I had planned to stack all raster files, then extract a value from every raster (1,826) for each point. This would produce a massive file I could use to search for the dates I need. This is, however, not possible because I can't stack that many rasters. I tried splitting the rasters into stacks of 500, this works, but the files it produces are about 1Gb and very slow (rows, 125,000; columns, 500). Also, when I try to bring all of these files into R to create a big data frame it doesn't work.
I would like to know if there is a way to work with this amount of data in R, or if there is a package that I could use to help. Could I use a package like ff? Does anyone have any suggestions for a less power intensive method to do what I want to do? I have thought about something like a lapply function, but have never used one before and am not really sure where to begin.
Any help would be really great, thanks in advance for your time. The code I am currently using without success is below.
Kind regards, Adam
library(raster)
library(rgdal)
library (maptools)
library(shapefiles)
# To create weather data files, first set the working directory to the appropriate location (i.e., maxt)
# list of raster weather files
files<- list.files(getwd(), pattern='asc')
length(files)
memory.size(4000)
memory.limit(4000)
# read in lon/lat data
X<-read.table(file.choose(), header=TRUE, sep=',')
SP<- SpatialPoints(cbind(X$lon, X$lat))
#separate stacks into mannageable sizes
s1<- stack(files[1:500])
i1 <- extract( s1,SP, cellnumbers = True, layer = 1, nl = 500)
write.table(i1, file="maxt_vals_all_points_all_dates_1.csv", sep=",", row.names= FALSE, col.names= TRUE)
rm(s1,i1)
s2<- stack(files[501:1000])
i2 <- extract( s2,SP, cellnumbers = True, layer = 1, nl = 500)
write.table(i2, file="maxt_vals_all_points_all_dates_2.csv", sep=",", row.names= FALSE, col.names= TRUE)
rm(s2,i2)
s3<- stack(files[1001:1500])
i3 <- extract( s3,SP, cellnumbers = True, layer = 1, nl = 500)
write.table(i3, file="maxt_vals_all_points_all_dates_3.csv", sep=",", row.names= FALSE, col.names= TRUE)
rm(s3,i3)
s4<- stack(files[1501:1826])
i4 <- extract( s4,SP, cellnumbers = True, layer = 1, nl =325)

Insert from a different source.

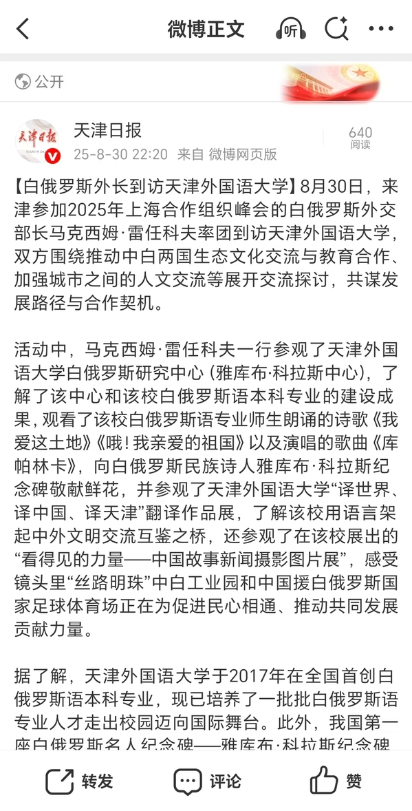 【相约上合】《天津日报》上合峰会专版、视频号、官方微博报道白俄罗斯外长到访我校

write.table(i4, file="maxt_vals_all_points_all_dates_4.csv", sep=",", row.names= FALSE, col.names= TRUE)
rm(s4,i4)
# read files back in to bind into final file !!! NOT WORKING FILES ARE TOO BIG!!
i1<-read.table(file.choose(),header=TRUE,sep=',')
i2<-read.table(file.choose(),header=TRUE,sep=',')
i3<-read.table(file.choose(),header=TRUE,sep=',')
i4<-read.table(file.choose(),header=TRUE,sep=',')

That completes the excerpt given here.